The commemorative landscape is dominated by monuments to figures who would be considered white, male, and wealthy in our common understandings today.

The Top 50 represented individuals in our data set include eleven US presidents and twelve US generals. Half of the Top 50 list (50%) enslaved other people. More than a third (40%) were born into family wealth. A large majority (76%) owned land.1

Only five of the Top 50 figures were Black/Indigenous: Martin Luther King Jr. (ranked 4th), Harriet Tubman (ranked 24th), Tecumseh (ranked 25th), Sacagawea (ranked 28th), and Frederick Douglass (ranked 29th). There are no US-born Latinx, Asian, Pacific Islander, or self-identified LGBTQ+ people in the Top 50 list.

Our study finds that monuments to historical men grossly outnumber those to historical women. Joan of Arc, Harriet Tubman, and Sacagawea are the only women represented in the Top 50 list. Beyond the top individuals, we investigated the top 15 individual women in the nation’s commemorative landscape. Three are European (Joan of Arc, Marie Curie, Queen Isabella) and three are saints (Joan of Arc, Elizabeth Ann Seton, Kateri Tekakwitha).
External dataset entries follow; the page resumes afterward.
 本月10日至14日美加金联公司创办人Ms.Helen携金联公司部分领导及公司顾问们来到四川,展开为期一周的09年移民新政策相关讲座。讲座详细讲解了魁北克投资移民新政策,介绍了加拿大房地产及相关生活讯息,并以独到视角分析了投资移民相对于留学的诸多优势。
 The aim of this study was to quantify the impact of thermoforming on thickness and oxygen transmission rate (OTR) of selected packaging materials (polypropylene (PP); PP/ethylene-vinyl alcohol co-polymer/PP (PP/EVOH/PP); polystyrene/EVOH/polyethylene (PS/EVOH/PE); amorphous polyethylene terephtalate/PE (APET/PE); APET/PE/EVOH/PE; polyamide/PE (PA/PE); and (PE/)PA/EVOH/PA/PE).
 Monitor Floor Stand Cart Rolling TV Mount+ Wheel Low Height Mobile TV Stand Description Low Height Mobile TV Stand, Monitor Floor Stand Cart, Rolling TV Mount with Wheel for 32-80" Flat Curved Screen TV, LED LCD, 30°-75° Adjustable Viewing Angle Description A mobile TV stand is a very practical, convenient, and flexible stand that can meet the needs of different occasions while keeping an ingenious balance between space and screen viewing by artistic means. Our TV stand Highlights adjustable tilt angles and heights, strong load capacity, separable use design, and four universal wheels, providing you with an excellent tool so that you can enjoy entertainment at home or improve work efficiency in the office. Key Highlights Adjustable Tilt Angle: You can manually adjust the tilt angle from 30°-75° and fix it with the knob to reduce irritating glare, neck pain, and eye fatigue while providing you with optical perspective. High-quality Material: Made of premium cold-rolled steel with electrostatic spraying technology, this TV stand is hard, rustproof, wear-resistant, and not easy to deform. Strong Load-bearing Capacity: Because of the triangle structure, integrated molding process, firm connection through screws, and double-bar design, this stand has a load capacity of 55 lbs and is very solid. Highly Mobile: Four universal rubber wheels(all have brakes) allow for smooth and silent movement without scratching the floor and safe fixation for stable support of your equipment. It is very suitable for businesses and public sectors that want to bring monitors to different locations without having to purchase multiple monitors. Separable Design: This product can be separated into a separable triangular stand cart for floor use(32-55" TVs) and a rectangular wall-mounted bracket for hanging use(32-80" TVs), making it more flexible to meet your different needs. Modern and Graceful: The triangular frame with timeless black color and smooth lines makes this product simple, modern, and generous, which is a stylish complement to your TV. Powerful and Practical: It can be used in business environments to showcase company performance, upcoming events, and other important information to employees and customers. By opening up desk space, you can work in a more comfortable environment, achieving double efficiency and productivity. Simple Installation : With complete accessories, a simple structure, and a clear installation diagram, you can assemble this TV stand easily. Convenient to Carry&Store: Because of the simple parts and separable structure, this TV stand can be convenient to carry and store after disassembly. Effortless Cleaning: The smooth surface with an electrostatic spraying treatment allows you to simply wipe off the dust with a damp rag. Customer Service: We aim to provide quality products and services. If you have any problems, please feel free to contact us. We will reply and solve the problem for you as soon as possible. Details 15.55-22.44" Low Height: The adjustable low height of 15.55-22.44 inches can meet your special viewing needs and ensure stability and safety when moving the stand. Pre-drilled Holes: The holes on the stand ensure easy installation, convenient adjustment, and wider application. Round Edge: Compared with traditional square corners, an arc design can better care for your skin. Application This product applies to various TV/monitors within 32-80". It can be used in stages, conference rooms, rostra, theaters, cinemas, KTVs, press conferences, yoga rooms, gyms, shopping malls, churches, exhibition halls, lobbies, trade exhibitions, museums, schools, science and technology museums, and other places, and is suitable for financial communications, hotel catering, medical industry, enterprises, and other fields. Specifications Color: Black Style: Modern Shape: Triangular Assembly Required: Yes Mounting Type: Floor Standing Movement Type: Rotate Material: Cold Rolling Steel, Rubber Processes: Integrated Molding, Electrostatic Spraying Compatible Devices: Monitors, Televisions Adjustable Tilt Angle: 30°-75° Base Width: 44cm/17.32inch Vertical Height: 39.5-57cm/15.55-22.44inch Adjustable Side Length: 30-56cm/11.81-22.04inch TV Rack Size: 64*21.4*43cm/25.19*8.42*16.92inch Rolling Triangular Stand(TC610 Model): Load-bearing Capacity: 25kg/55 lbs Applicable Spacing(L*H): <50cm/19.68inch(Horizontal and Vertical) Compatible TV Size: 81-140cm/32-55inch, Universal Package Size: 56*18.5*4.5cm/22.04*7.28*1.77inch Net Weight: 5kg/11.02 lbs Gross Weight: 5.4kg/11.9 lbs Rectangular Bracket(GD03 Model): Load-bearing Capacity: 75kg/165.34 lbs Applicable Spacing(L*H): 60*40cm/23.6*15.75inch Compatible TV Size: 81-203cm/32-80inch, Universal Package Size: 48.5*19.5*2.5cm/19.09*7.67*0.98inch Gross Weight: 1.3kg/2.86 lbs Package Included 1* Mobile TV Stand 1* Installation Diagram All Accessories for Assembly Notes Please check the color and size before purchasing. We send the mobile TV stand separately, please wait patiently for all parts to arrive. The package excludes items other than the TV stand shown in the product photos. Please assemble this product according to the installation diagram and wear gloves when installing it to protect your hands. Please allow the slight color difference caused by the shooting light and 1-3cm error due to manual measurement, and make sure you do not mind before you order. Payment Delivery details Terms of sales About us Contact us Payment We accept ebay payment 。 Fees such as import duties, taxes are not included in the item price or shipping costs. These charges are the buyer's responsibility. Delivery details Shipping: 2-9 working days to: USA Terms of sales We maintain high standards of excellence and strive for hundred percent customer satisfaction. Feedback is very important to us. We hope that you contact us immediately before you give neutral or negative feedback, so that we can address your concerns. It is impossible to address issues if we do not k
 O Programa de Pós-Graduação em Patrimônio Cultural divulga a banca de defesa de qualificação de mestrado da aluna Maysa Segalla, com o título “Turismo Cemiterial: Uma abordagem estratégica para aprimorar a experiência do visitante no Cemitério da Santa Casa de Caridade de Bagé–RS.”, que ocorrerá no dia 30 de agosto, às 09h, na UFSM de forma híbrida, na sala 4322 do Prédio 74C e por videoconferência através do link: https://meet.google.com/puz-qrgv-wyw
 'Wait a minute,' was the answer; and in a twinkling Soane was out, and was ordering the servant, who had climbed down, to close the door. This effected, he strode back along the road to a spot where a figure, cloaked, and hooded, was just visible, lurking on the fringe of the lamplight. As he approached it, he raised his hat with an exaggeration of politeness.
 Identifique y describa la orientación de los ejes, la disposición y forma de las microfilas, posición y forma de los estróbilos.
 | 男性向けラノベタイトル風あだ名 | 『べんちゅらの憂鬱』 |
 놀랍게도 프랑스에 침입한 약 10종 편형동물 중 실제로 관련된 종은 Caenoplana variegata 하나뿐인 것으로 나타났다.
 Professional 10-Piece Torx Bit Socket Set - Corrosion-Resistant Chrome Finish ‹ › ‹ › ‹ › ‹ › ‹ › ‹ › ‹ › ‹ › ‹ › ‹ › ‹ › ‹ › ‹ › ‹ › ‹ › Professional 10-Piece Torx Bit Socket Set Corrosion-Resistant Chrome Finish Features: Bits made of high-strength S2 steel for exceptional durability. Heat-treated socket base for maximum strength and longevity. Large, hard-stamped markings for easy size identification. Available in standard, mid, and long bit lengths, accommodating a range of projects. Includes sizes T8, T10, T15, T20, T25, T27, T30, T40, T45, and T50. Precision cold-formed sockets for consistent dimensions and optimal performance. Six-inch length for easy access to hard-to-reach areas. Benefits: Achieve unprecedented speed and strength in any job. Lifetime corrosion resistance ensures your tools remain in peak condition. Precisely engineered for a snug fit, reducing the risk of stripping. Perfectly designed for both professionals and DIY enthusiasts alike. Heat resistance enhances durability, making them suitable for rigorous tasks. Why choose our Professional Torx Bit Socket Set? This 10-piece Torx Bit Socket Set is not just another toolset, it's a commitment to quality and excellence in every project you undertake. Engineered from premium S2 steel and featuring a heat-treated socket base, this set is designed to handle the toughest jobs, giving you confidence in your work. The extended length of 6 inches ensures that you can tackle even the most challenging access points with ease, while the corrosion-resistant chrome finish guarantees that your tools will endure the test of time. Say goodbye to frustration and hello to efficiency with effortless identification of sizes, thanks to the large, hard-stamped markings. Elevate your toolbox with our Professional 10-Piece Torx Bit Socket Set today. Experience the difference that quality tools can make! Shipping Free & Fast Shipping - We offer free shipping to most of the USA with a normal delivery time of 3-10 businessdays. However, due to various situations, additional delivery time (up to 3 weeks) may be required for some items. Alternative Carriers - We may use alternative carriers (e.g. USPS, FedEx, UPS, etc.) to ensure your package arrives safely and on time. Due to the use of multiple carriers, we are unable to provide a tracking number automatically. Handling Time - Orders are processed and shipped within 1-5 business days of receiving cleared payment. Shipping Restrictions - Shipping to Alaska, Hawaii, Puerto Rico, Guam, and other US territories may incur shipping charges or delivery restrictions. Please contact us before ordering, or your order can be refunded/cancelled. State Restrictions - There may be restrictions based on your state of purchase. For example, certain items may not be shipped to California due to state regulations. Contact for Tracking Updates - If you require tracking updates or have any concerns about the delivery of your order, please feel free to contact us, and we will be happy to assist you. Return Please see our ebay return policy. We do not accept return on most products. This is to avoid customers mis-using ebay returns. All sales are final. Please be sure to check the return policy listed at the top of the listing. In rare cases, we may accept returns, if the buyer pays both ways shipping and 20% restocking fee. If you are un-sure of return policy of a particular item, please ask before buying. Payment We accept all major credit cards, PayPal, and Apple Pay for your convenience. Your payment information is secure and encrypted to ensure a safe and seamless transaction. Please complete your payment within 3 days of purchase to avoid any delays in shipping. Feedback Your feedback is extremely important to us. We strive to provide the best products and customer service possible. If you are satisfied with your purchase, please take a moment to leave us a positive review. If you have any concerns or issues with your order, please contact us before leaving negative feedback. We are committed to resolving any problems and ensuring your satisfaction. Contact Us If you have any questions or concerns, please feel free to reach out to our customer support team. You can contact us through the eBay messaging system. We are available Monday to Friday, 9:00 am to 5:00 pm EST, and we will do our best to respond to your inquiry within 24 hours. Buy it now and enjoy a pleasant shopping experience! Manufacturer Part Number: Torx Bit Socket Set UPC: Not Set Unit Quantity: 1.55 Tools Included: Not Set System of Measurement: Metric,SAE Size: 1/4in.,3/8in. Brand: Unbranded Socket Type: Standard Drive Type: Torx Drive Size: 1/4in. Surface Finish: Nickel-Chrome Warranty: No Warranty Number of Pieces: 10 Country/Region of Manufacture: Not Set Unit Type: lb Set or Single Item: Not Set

Feminized bodies often appear in the sanctioned monument landscape as fictional, mythological, and allegorical figures. For example, within our study set, there are more recorded monuments depicting mermaids (22) than there are monuments to US congresswomen (just two: Barbara Jordan of Texas and Millicent Fenwick of New Jersey).

Ongoing discussions and actions related to the evolving monument landscape could respond to this misrepresentation with more diverse monuments to individuals/groups as well as responses to the long-standing suppression of a more representative understanding of public memory.

1. Family wealth assessed from biographical information drawn from Wikidata. Land ownership assessed from census records, estate records, biographical information drawn from WikiData and data.